Paclitaxel veroorzaakt haaruitval: dit effect wordt manifest 3 weken na toediening van het geneesmiddel en houdt over het algemeen aan gedurende de hele behandeling, waarbij haargroei wordt waargenomen binnen 3 tot 6 maanden na stopzetting van paclitaxel. Hoewel het bijna altijd omkeerbaar is, is haaruitval een van de belangrijkste redenen gegeven voor verminderde kwaliteit van leven door vrouwen behandeld met het carboplatine/paclitaxel regime. De late Syd Salmon introduceerde cold caps in de jaren 1970 toen doxorubicine werd opgenomen in het borstkankerarmamentarium. Koude caps werken door de temperatuur aan de hoofdhuid te verlagen; de resulterende vasoconstrictie en vermindering van het haarfollikelmetabolisme verminderen de effecten van paclitaxel op de haarfollikels. Hoewel de resultaten variëren, toonde een groot nationaal register in Nederland aan dat tot 50% van de scalp-gekoelde patiënten geen hoofddeksel droeg tijdens hun laatste taxane chemotherapiesessie.carboplatine werd in het begin van de jaren tachtig ontwikkeld om enkele ernstige toxiciteiten van cisplatine te overwinnen. Het verlaagde duidelijk het potentieel voor nefrotoxiciteit, ototoxiciteit, en hyperemesis gezien met cisplatine. Bij het testen door Bristol-Myers Squibb was carboplatine het enige platina onder een dozijn nonnephrotoxische analogen die geen braken veroorzaakten bij toediening aan fretten. Latere preklinische studies (bij ratten) van platinums en hun interactie met membraaneigen organische kationentransporter 2 (OCT2) toonden duidelijk aan dat carboplatine-in tegenstelling tot cisplatine-slechts minimaal interageert met OCT2 aanwezig in de niertubuli en het slakkenhuis. Men kan patiënten over het algemeen geruststellen over het lage risico van nefrotoxiciteit, ototoxiciteit, en hyperemesis met carboplatine, terwijl aan de andere kant de nadruk legt op zijn hematologische toxiciteiten. Men moet echter benadrukken (zoals eerder opgemerkt) dat trombocytopenie de beste indicator is van de effecten van carboplatine; dit is niet alleen aangetoond door klinische studies, maar ook door Bristol-Myers Squibb databases. Een ander belangrijk voordeel van carboplatine over cisplatine, anders dan het gunstige nonmarrow-orgaantoxiciteitsspectrum, is de veel grotere voorspelbaarheid van de farmacodynamische effecten van eerstgenoemde.

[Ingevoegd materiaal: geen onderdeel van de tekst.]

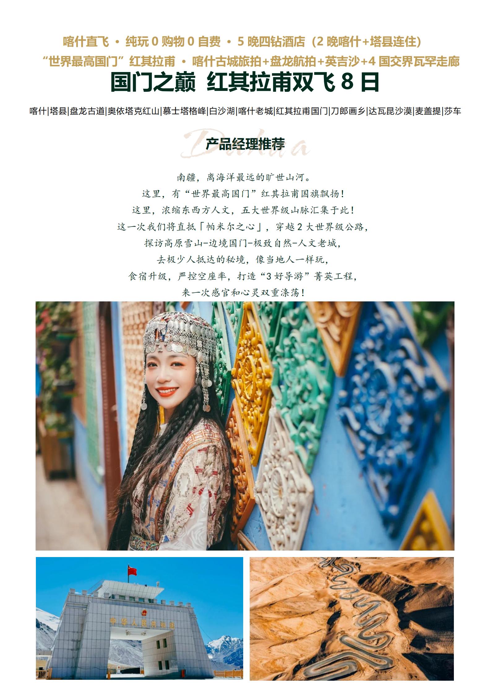 【五一】<新疆南疆双飞8日游-直飞喀什>喀什|塔县|盘龙古道|奥依塔克红山|慕士塔格峰|白沙湖|喀什老城|红其拉甫国门|刀郎画乡|达瓦昆沙漠|麦盖提|莎车

Het is van cruciaal belang om tijd met de patiënt door te brengen en persoonlijk de verwachte bijwerkingen van de behandeling te bekijken. Gedrukte informatie, hoewel potentieel nuttig als een bron, als niet direct besproken in het begin, kan onnodige angsten te bevorderen en kan niet voldoende benadrukken wat te verwachten.

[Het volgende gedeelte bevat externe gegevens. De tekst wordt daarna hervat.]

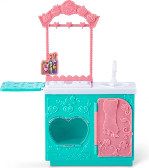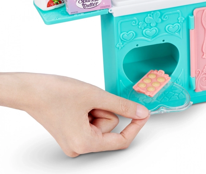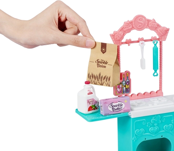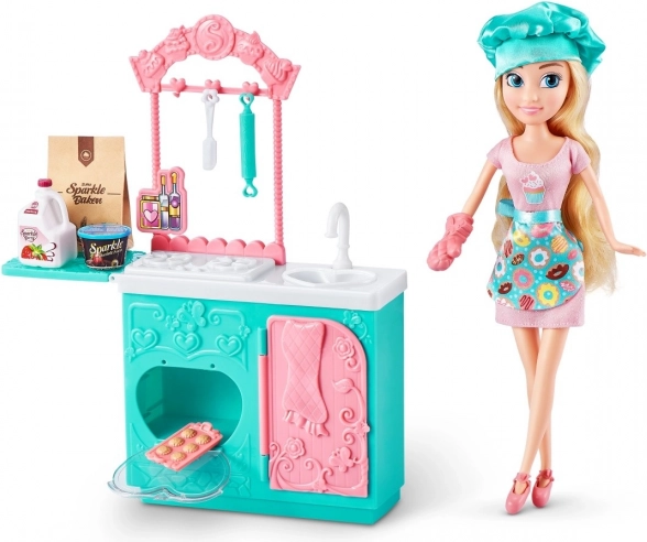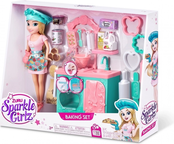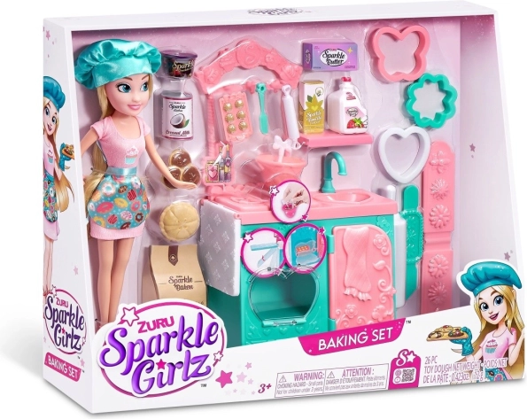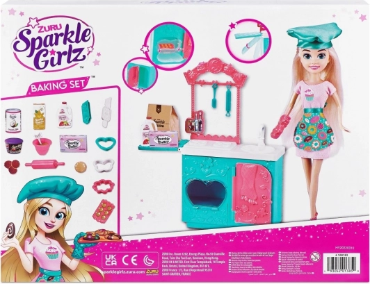 Сетът съдържа необходимите елементи за игра, включително малки играчки-храни, купи, шпатулички и формички, които позволяват реалистично пресъздаване на печене. Отворете фурната, сложете в нея бисквитките и се престорете, че се пекат! Благодарение на сменяемите дрехи куклата може да се комбинира с други фигурки от серията Sparkle Girlz.

andere aanbevolen praktijken bij de behandeling met carboplatine/Paclitaxel

hoewel carboplatine/paclitaxel een vrij eenvoudig doublet is om toe te dienen, dient men de mogelijkheid van problemen als gevolg van comorbiditeiten en gevorderde kankerpresentaties niet te onderschatten. Het is belangrijk om aandacht te besteden aan de details van de geschiedenis van een patiënt om haar te helpen door het vereiste aantal cycli.

voordat met de behandeling wordt begonnen, dient men na te gaan of corticosteroïden gecontra-indiceerd zijn (bijvoorbeeld bij patiënten met actieve hepatitis, ongecontroleerde diabetes of psychoses). Vervanging van paclitaxel door nab-paclitaxel dient te worden overwogen (maar is afhankelijk van de toegang tot deze formulering van het geneesmiddel). Het gebruik van nab-paclitaxel overwint ook problemen met veneuze toegang en maakt het vaak onnodig om centrale veneuze lijnen te gebruiken om 6 cycli carboplatine/paclitaxel af te leveren.

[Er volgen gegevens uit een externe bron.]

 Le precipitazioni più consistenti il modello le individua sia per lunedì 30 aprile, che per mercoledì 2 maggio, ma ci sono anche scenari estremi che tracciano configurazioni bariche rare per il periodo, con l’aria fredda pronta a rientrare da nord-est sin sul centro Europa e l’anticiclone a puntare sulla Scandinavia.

het doornemen van een patiëntenlijst van geneesmiddelen met het oog op het stoppen of vervangen van geneesmiddelen die mogelijk problemen kunnen veroorzaken, kan nuttig zijn. Mogelijke probleemmedicijnen zijn aspirine en diuretica. Aspirine kan onnodig verhogen het risico van gastritis en bloeden, en kan leiden tot onnodige workup en, in de instelling van een lager hemoglobine niveau, onnodige zorgen over buikpijn gecompliceerd door behandeling-gerelateerde bloedarmoede. Vervang indien mogelijk andere klassen van antihypertensiva voor diuretica, of overweeg Intermitterend gebruik van lisdiuretica. Het is ook verstandig om patiënten te adviseren om het aantal pillen dat ze nemen te verminderen, omdat elke tablet of capsule inname braken kan veroorzaken. Sommige van deze praktijken zijn overdrachten van cisplatin dagen, toen elektrolytenonevenwichtigheden gemeenschappelijk waren, maar zij zijn tot op zekere hoogte op carboplatine van toepassing.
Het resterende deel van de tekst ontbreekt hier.